As a PC mother I would cut your losses, children need riding to be fun. Enquire through your Pony club for suitable ponies coming up for sale and then contact the DC to ask about the pony, this is by far the best way to get something genuine. There is a new season coming up and I would be quick to put this behind you and move on.

Sell the pony as a lead rein only and ensure that any buyers know what happens off the lead rein.

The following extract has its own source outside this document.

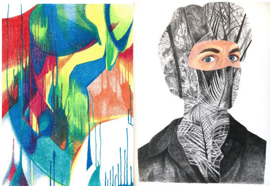
Barbara Cardinale, Sans titre V , crayons de couleur sur papier, 2022. © Barbara Cardinale Barbara Cardinale, Portrait Jungle , transfert et fusain sur papier, 2021. © Barbara Cardinale

There are many ponies out there that are fab on the lead but hopeless off, for so many reasons.

Im not convinced that there is anything physically wrong here and it is very difficult to correct learned behaviour.

Good luck


----------



## rexel (22 January 2008)

Thank you all for your comments.  I would not sell the pony as a lead rein as I know what would happen.  They would then try it off the lead rein and an accident would only happen.  I am going to try to get the person who sold it to me to have it back.


----------



## kizzywiz (23 January 2008)

Good luck to you, I agree with all the others, he just isn't suitable for a littley to ride off the lead rein.  However, just as a different suggestion, there are lots of small adults like myself who have never moved on to horses, maybe someone like me would love to have him, sounds like he's just learned to be naughty with the children but would be fine for a small adult, unfortunately I have 2 already, but just a thought anyway.


----------



## it a fluke (21 July 2013)

hi we have just bought our daughter a 14.1 pony mixed breed he was really good for 2 weeks and then he as started bucking and meaning it.
we have had his back checked we have also had a trainer look at him, they say that he his not naughty but that he is petifield of someone on him.
I have tried to contact the owner but they do not want to know.
not sure what to do next?


----------